TASK DETAILS - Keep the wording of each record exactly the same when you repeat it, and leave out pictures.

======== RAW DATA

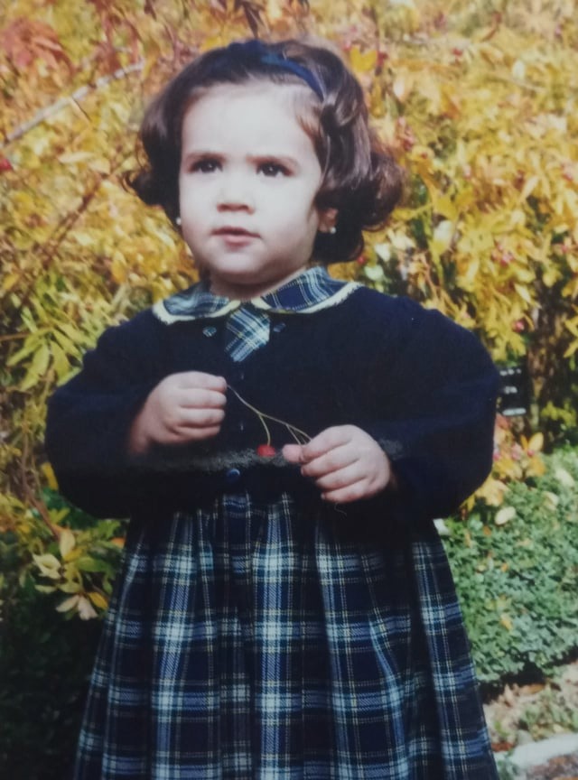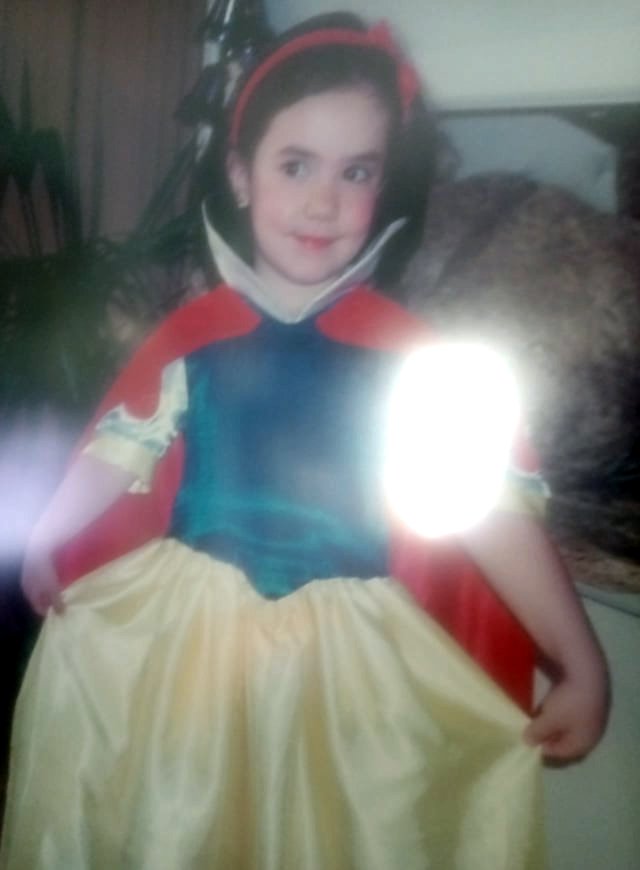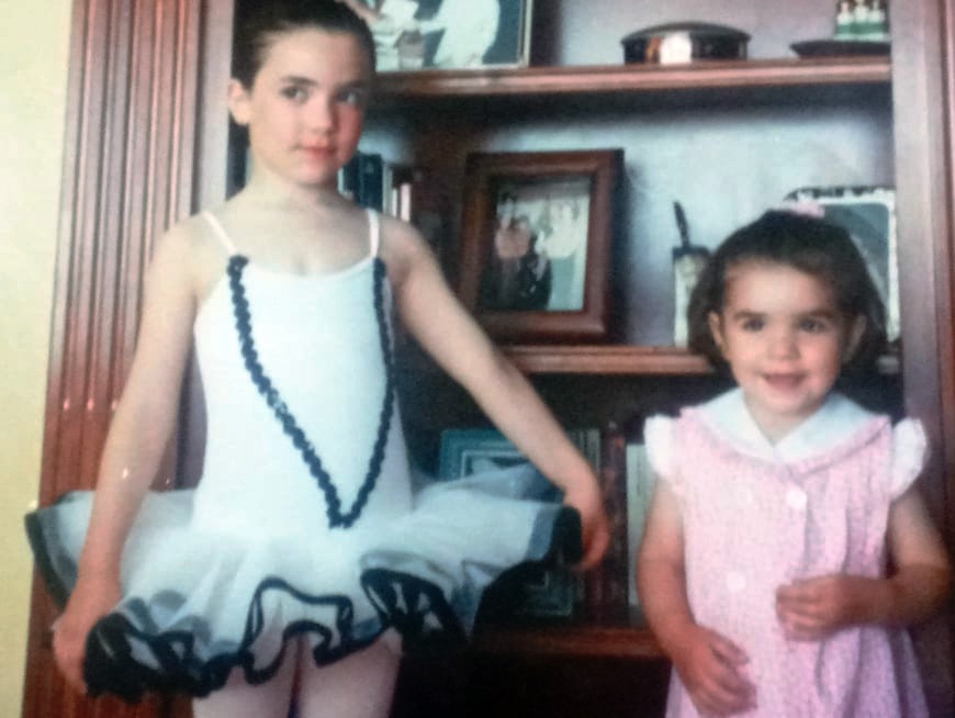 (Vestida de ballet con su hermana Elisa, año 2001; Jugando con Daira en la pradera del chalé, año 2004.)
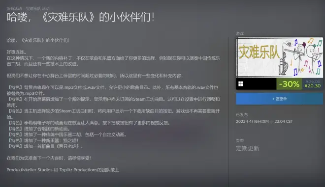 1、节奏游戏《灾难乐队》增加传统中国乐器二胡和新曲目《两只老虎》
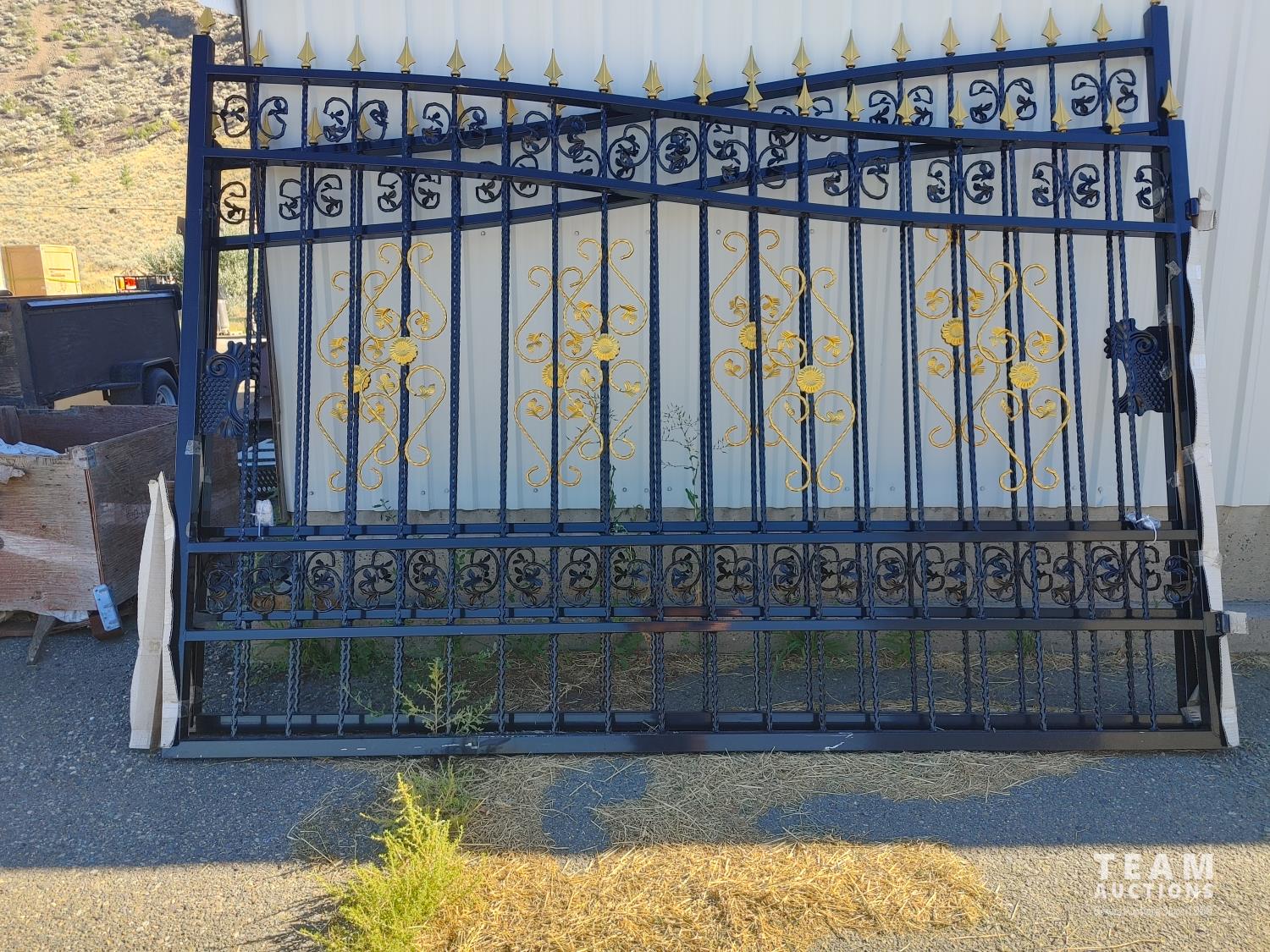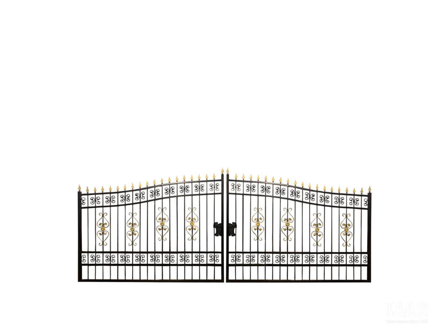20 ft bi-parting deluxe wrought iron ornamental gate, forged steel, golden decoration, hinges included
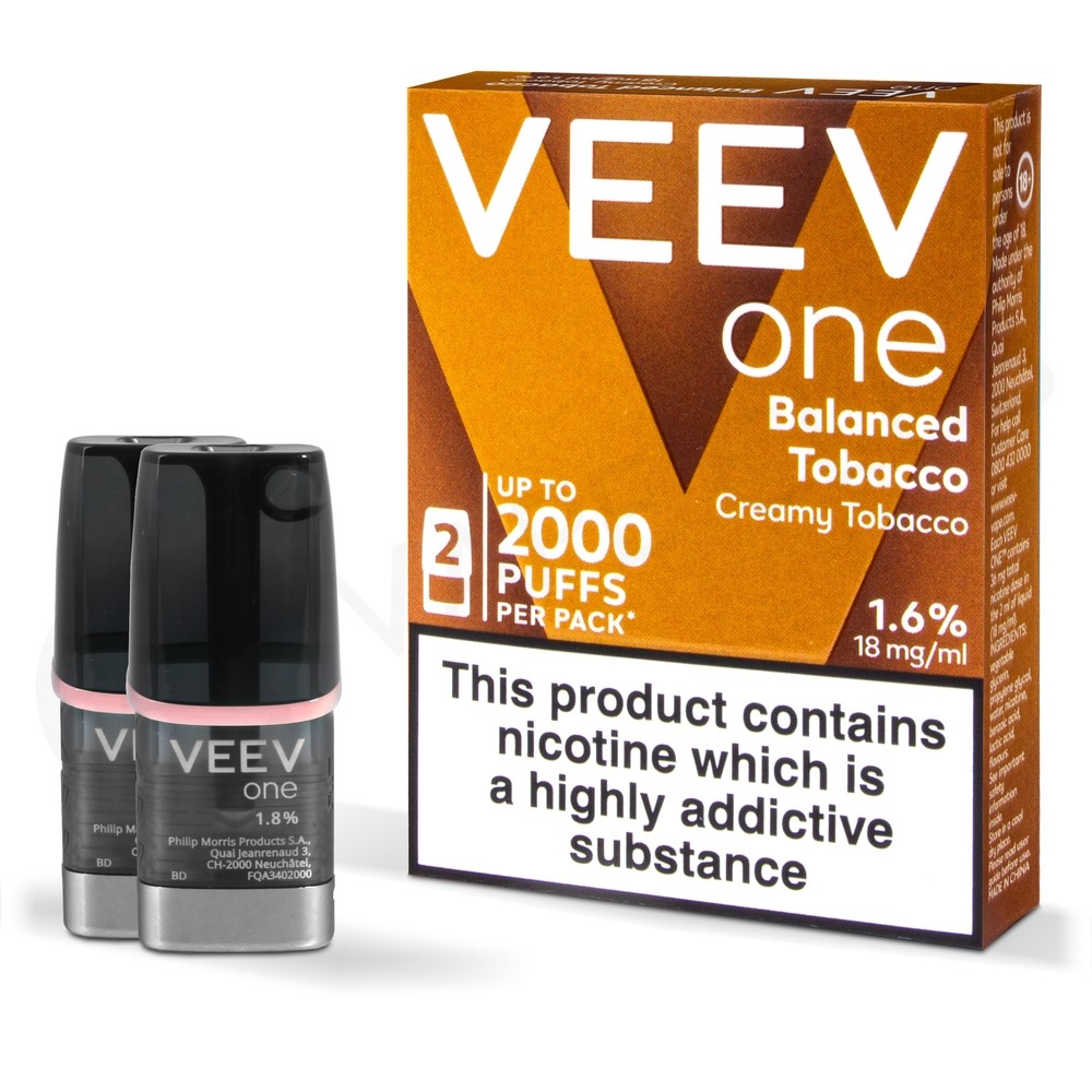 Balanced Tobacco Veev One prefilled pods offer a robust tobacco flavour, balancing deep and earthy notes throughout.
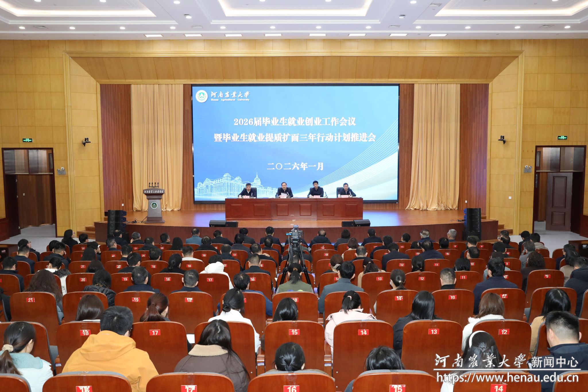 副校长汤继华宣读《河南农业大学促进2026届毕业生高质量充分就业工作方案》
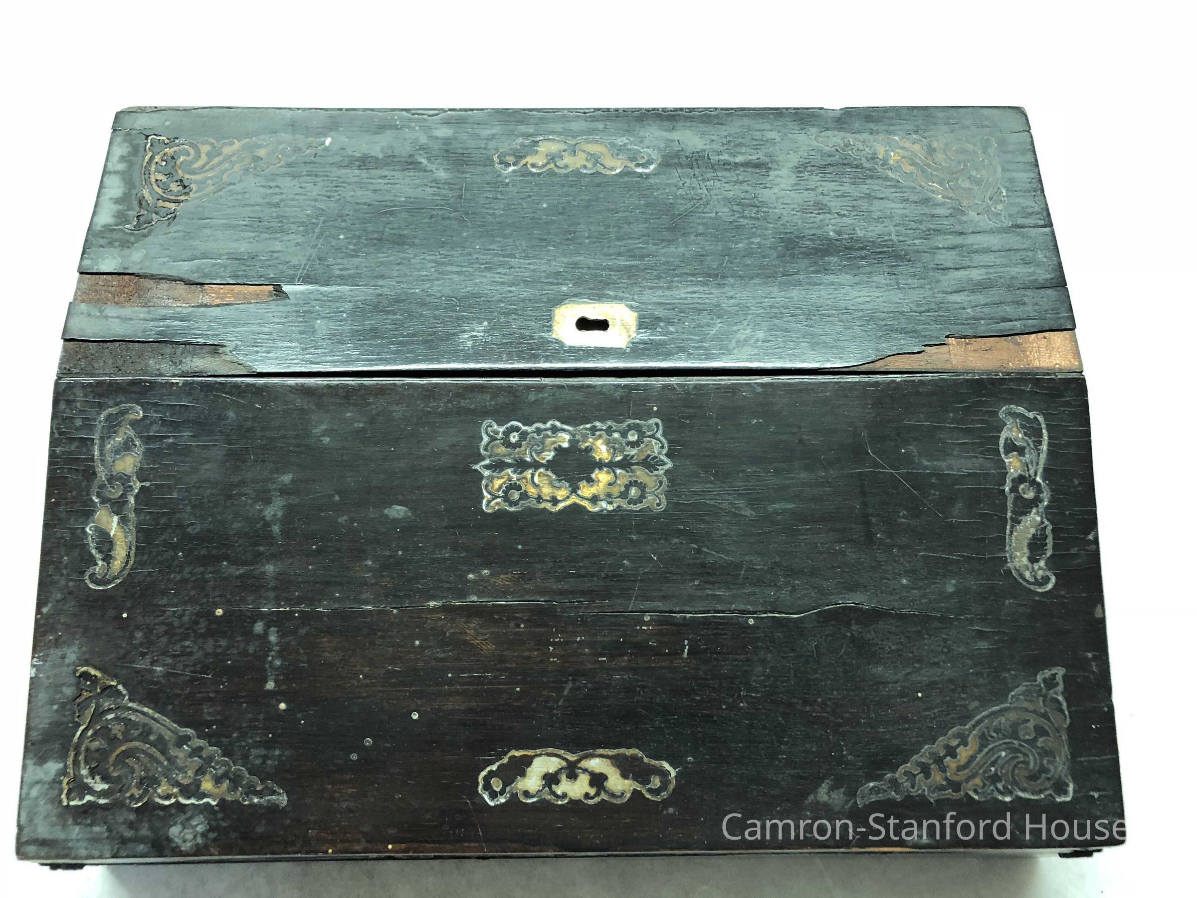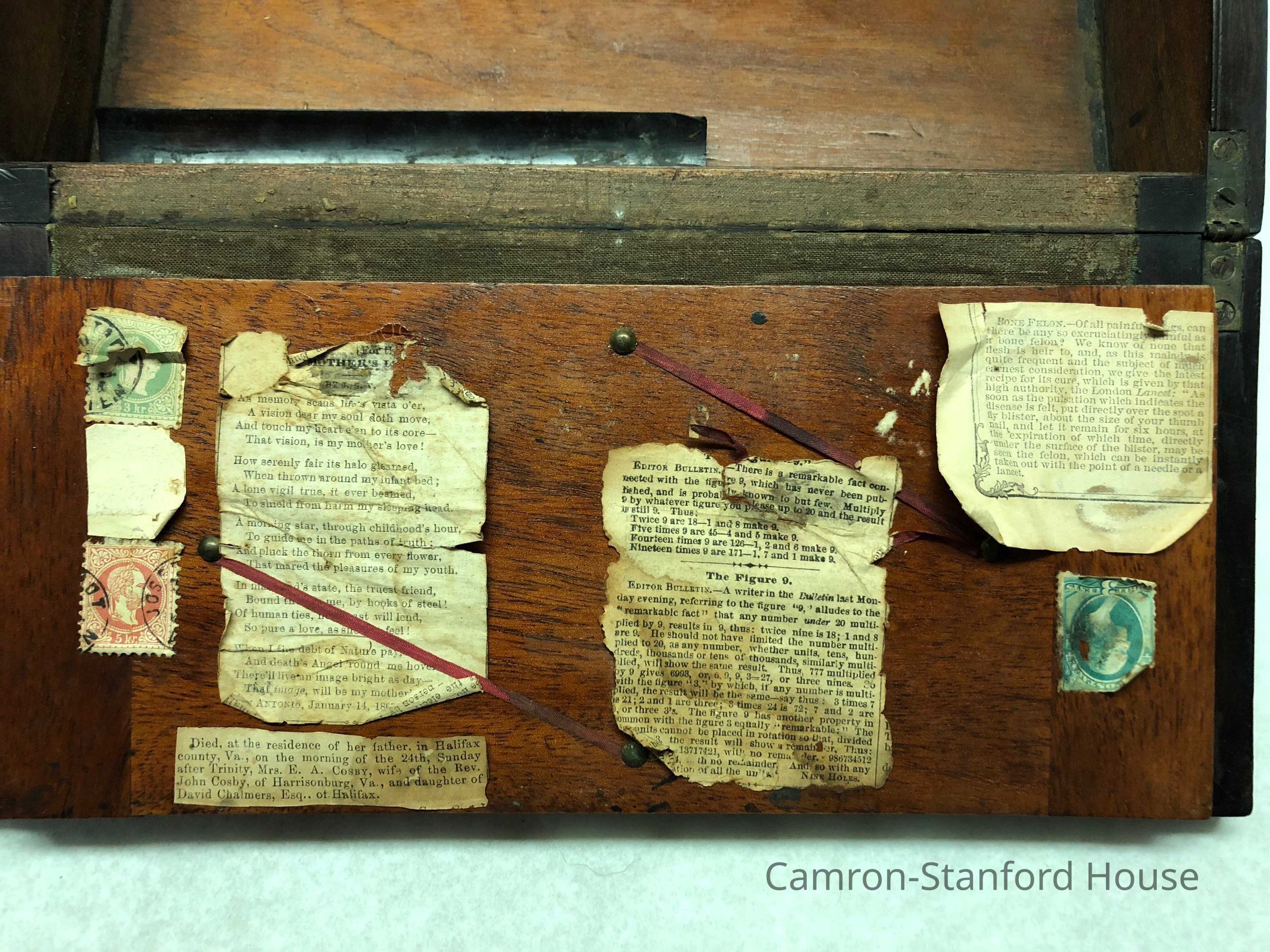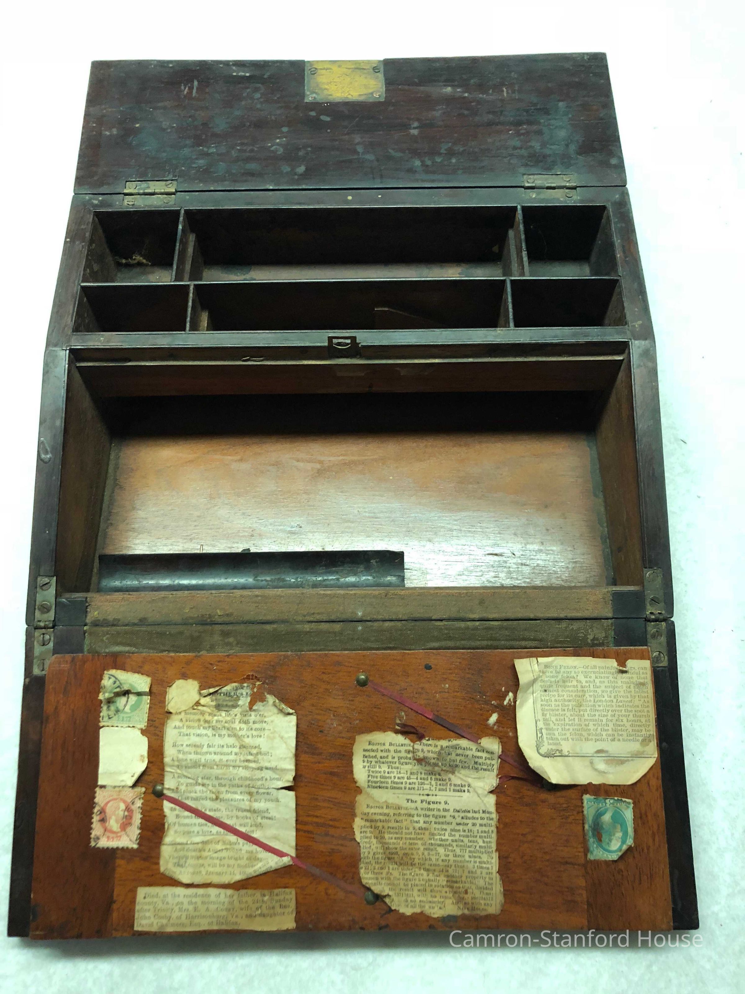 Laptop writing desk owned by Franklina C. Gray. The wooden desk top folds out to reveal a green velvet writing space and two storage trays that would have been used for paper, inks and writing instruments. The desk contains a number of newspaper clippings and ephemera collected by Franklina.

================

ANSWER TO THIS EXERCISE -
 (Vestida de ballet con su hermana Elisa, año 2001; Jugando con Daira en la pradera del chalé, año 2004.)
 1、节奏游戏《灾难乐队》增加传统中国乐器二胡和新曲目《两只老虎》
20 ft bi-parting deluxe wrought iron ornamental gate, forged steel, golden decoration, hinges included
 Balanced Tobacco Veev One prefilled pods offer a robust tobacco flavour, balancing deep and earthy notes throughout.
 副校长汤继华宣读《河南农业大学促进2026届毕业生高质量充分就业工作方案》
 Laptop writing desk owned by Franklina C. Gray. The wooden desk top folds out to reveal a green velvet writing space and two storage trays that would have been used for paper, inks and writing instruments. The desk contains a number of newspaper clippings and ephemera collected by Franklina.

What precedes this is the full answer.